GOAL OF THE EXERCISE >> Find "Hudební podvečerV pondělí", then copy its line and every later line of the entries exactly through the end, leaving all pictures out.

Dataset items >>

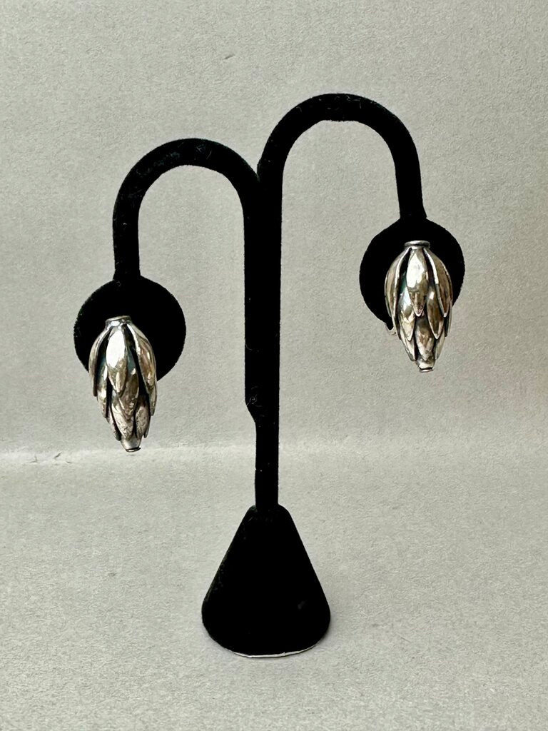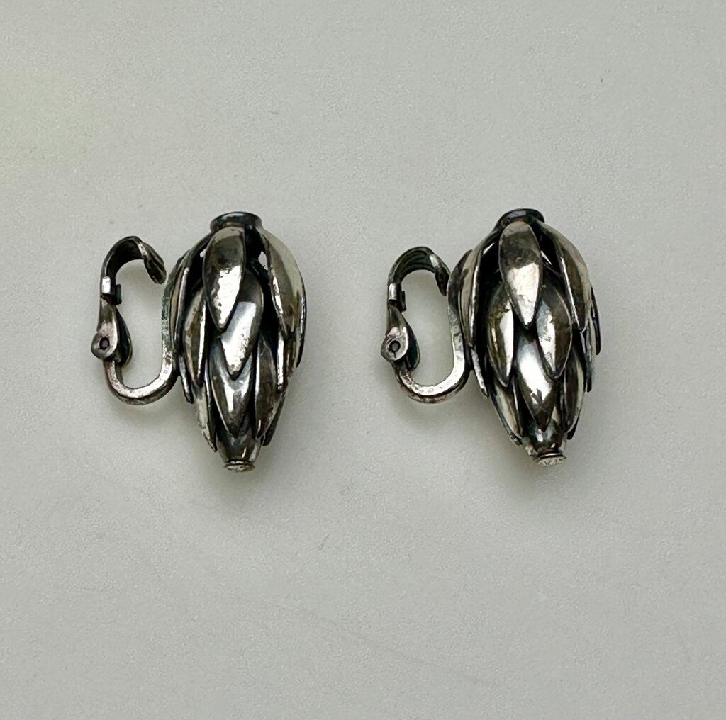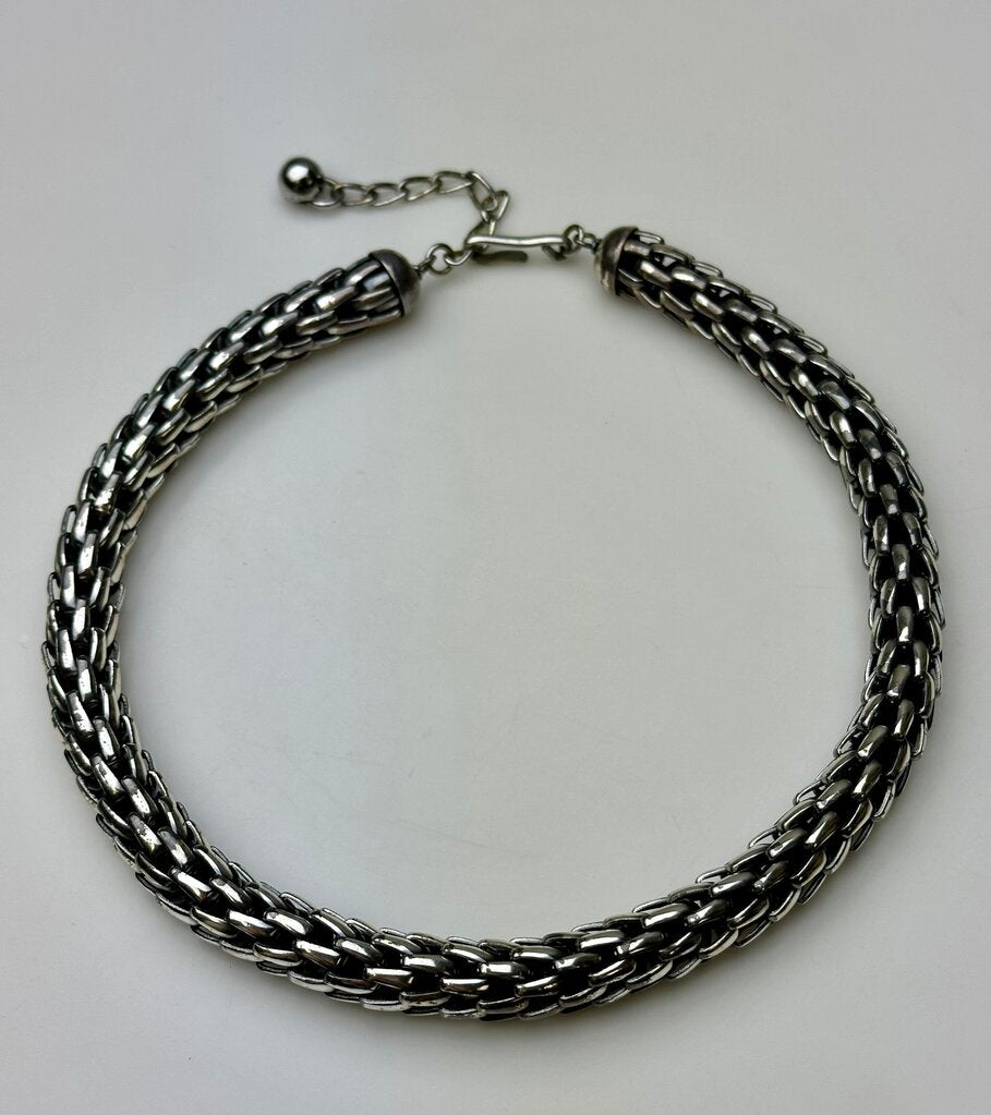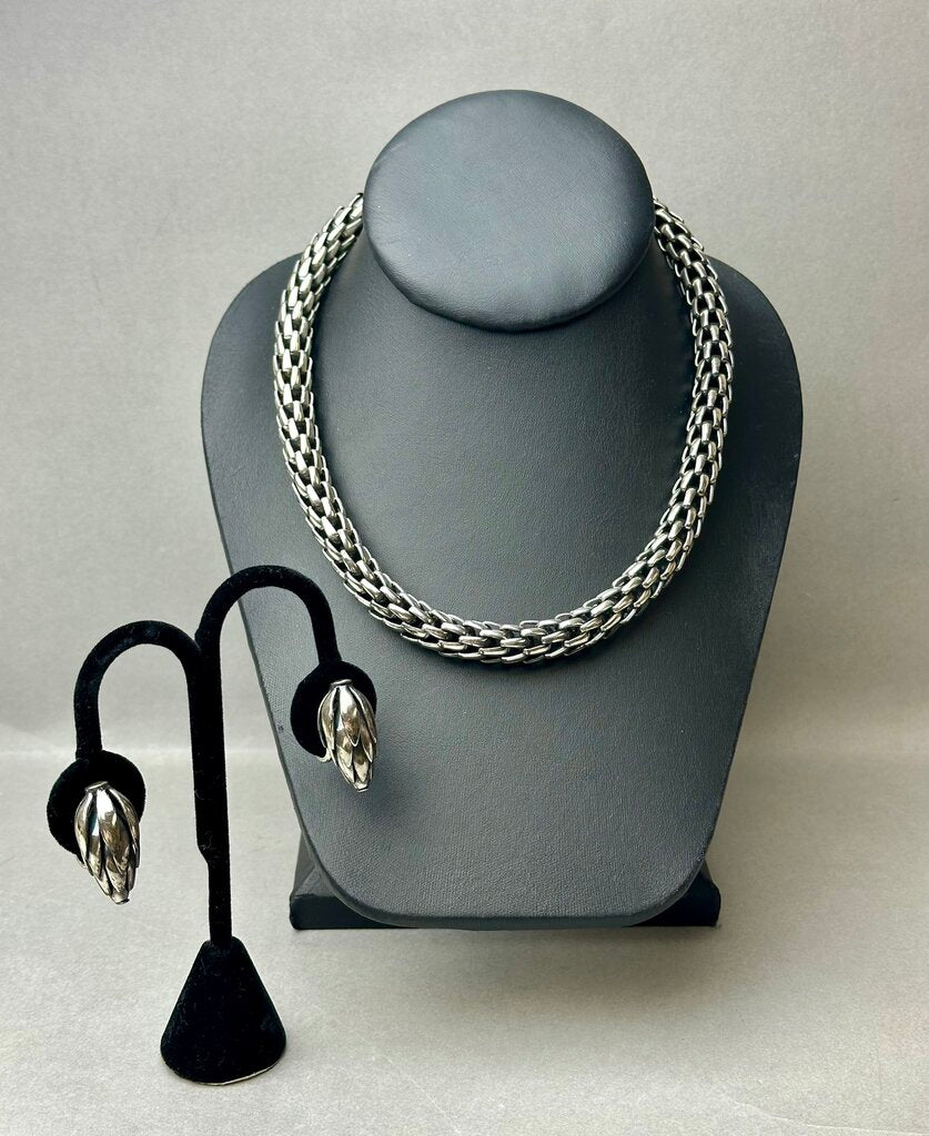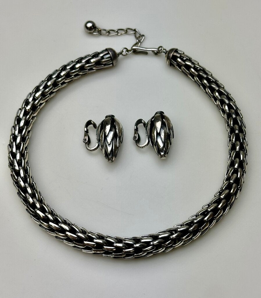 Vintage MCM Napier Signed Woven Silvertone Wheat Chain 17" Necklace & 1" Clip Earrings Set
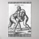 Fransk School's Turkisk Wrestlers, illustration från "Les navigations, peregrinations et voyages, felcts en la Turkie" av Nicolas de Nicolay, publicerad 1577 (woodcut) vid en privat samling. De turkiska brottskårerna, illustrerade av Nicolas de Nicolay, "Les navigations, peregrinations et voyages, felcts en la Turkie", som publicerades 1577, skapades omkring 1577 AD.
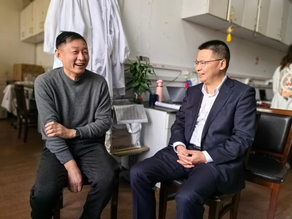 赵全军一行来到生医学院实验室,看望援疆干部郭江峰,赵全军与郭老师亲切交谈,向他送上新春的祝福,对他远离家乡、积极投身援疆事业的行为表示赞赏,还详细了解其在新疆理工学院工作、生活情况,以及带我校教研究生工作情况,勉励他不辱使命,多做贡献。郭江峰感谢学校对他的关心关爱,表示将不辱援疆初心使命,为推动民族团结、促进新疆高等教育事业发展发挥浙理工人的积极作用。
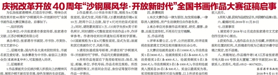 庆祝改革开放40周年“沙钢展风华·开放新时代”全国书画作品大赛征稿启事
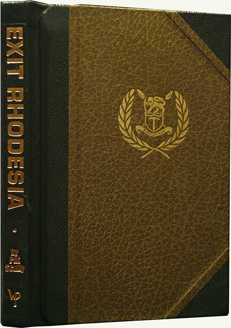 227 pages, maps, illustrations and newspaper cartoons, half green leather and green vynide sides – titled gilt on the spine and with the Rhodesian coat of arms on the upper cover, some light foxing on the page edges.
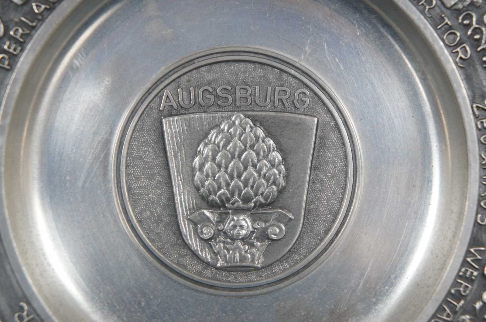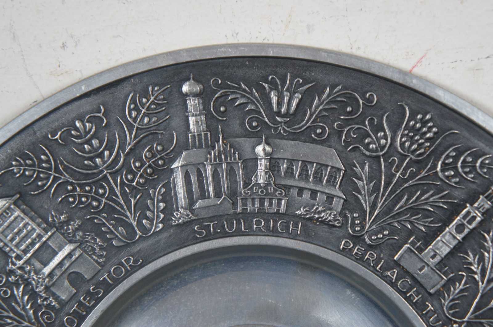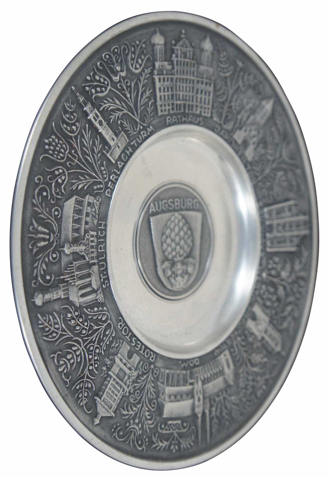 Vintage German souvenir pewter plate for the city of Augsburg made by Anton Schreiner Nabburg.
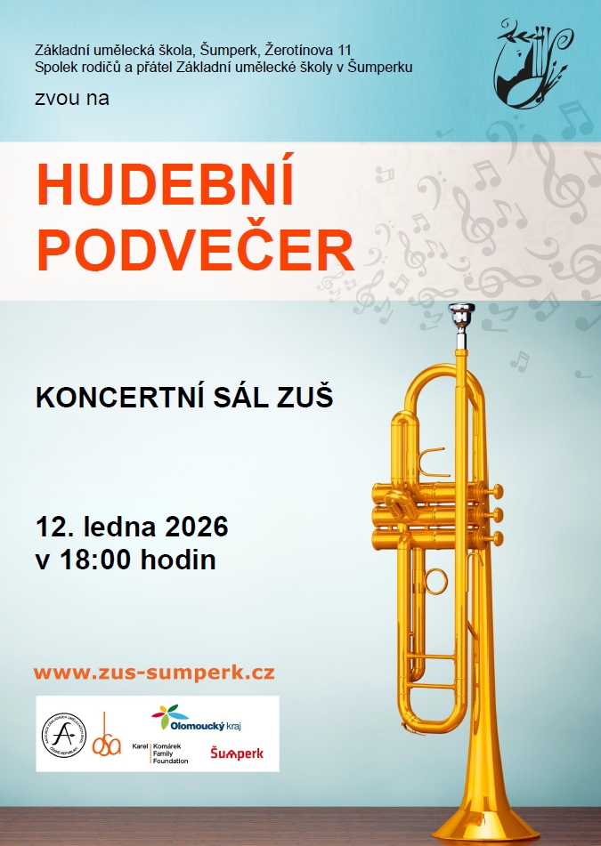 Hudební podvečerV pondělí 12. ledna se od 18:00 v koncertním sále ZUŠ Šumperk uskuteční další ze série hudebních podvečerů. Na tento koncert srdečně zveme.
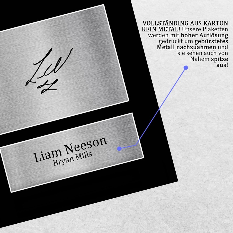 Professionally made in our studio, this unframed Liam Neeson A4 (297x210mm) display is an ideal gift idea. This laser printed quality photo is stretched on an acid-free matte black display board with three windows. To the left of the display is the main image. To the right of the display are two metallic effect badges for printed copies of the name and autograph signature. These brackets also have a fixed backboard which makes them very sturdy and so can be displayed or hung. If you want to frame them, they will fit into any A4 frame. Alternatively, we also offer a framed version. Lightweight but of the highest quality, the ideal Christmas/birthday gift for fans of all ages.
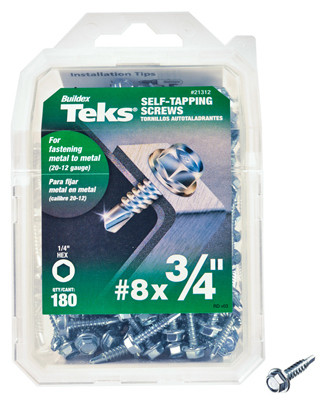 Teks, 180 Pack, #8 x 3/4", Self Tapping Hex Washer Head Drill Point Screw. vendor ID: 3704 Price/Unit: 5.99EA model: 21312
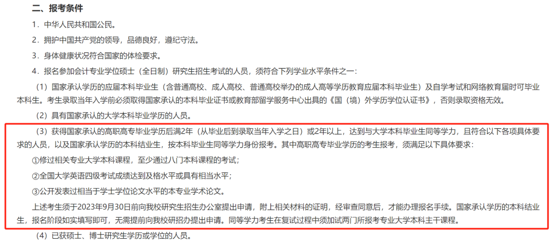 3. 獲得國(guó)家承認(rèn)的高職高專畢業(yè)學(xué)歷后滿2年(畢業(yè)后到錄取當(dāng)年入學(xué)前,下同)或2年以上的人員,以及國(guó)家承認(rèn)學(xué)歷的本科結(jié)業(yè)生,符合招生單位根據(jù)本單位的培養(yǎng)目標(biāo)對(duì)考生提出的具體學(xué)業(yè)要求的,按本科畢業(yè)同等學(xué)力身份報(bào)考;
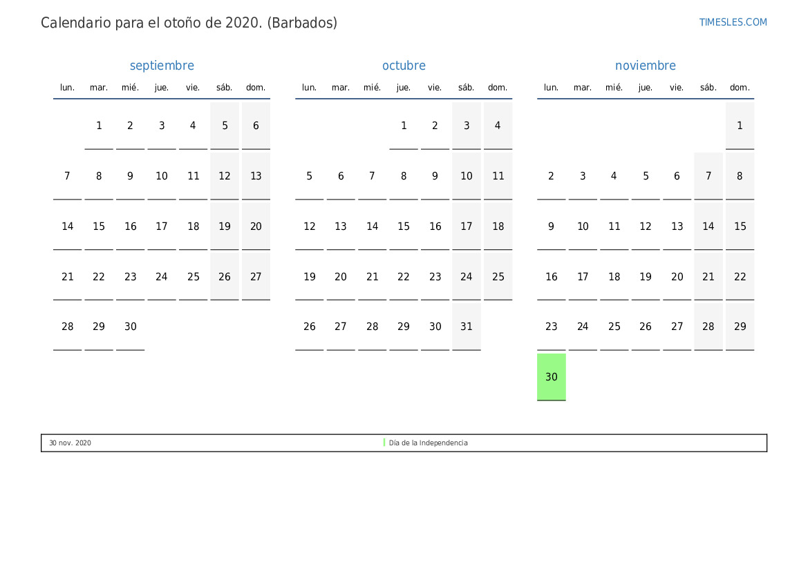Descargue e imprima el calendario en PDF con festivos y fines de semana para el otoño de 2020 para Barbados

WRITTEN SOLUTION >>
 Hudební podvečerV pondělí 12. ledna se od 18:00 v koncertním sále ZUŠ Šumperk uskuteční další ze série hudebních podvečerů. Na tento koncert srdečně zveme.
 Professionally made in our studio, this unframed Liam Neeson A4 (297x210mm) display is an ideal gift idea. This laser printed quality photo is stretched on an acid-free matte black display board with three windows. To the left of the display is the main image. To the right of the display are two metallic effect badges for printed copies of the name and autograph signature. These brackets also have a fixed backboard which makes them very sturdy and so can be displayed or hung. If you want to frame them, they will fit into any A4 frame. Alternatively, we also offer a framed version. Lightweight but of the highest quality, the ideal Christmas/birthday gift for fans of all ages.
 Teks, 180 Pack, #8 x 3/4", Self Tapping Hex Washer Head Drill Point Screw. vendor ID: 3704 Price/Unit: 5.99EA model: 21312
 3. 獲得國(guó)家承認(rèn)的高職高專畢業(yè)學(xué)歷后滿2年(畢業(yè)后到錄取當(dāng)年入學(xué)前,下同)或2年以上的人員,以及國(guó)家承認(rèn)學(xué)歷的本科結(jié)業(yè)生,符合招生單位根據(jù)本單位的培養(yǎng)目標(biāo)對(duì)考生提出的具體學(xué)業(yè)要求的,按本科畢業(yè)同等學(xué)力身份報(bào)考;
Descargue e imprima el calendario en PDF con festivos y fines de semana para el otoño de 2020 para Barbados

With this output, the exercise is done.